▸ Requirement:
Starting with the line that has "обычная мойка без" in the records below and ending with the line that has "Buy conveyors and", output those lines exactly and nothing more; omit the pictures.

▸ Given information:
###
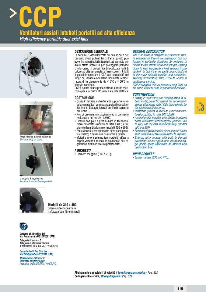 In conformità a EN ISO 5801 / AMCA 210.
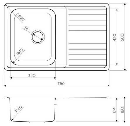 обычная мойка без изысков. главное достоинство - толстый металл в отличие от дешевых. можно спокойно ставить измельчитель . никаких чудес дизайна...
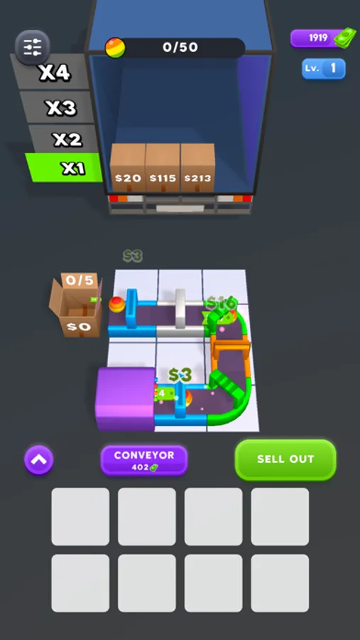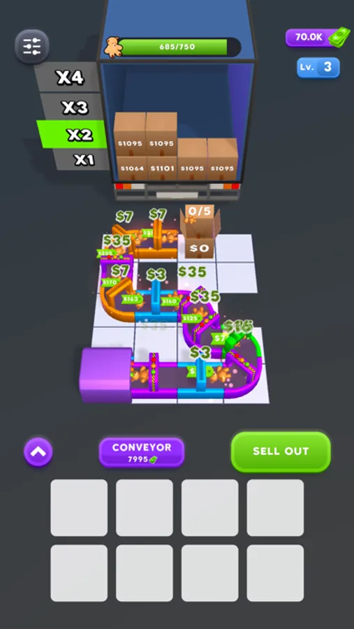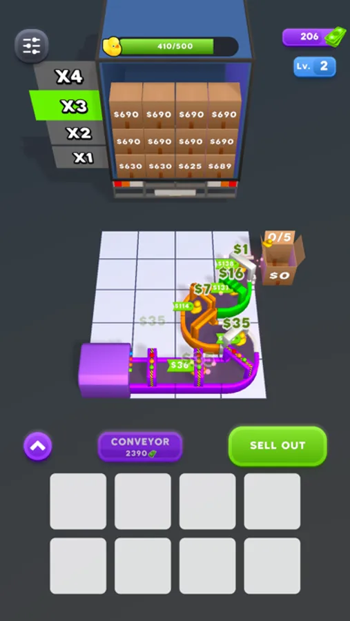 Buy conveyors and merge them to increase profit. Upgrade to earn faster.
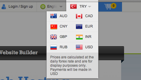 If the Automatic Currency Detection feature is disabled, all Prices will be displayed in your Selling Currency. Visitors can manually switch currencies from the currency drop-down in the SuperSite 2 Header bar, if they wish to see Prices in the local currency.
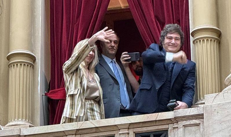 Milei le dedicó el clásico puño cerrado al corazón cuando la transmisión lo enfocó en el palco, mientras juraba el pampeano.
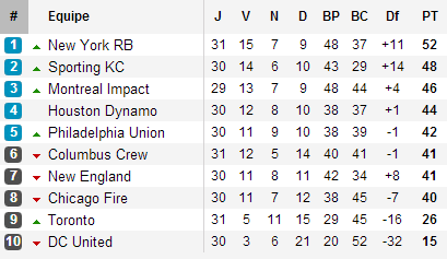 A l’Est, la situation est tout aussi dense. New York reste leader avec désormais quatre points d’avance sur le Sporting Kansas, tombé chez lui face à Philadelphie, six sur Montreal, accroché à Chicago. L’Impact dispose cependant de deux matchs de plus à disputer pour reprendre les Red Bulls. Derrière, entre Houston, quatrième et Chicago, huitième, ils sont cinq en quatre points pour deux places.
###
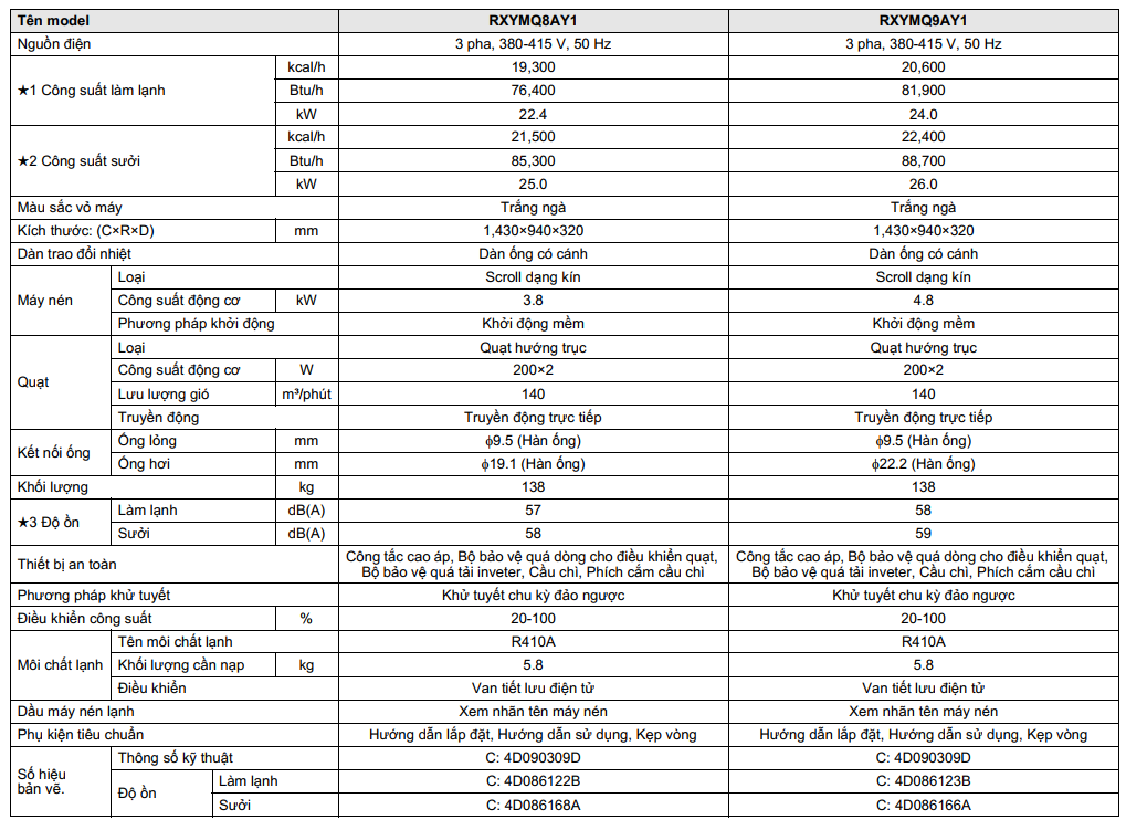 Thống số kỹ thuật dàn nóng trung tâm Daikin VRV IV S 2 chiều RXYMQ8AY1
###
▸ Finished exercise:
 обычная мойка без изысков. главное достоинство - толстый металл в отличие от дешевых. можно спокойно ставить измельчитель . никаких чудес дизайна...
 Buy conveyors and merge them to increase profit. Upgrade to earn faster.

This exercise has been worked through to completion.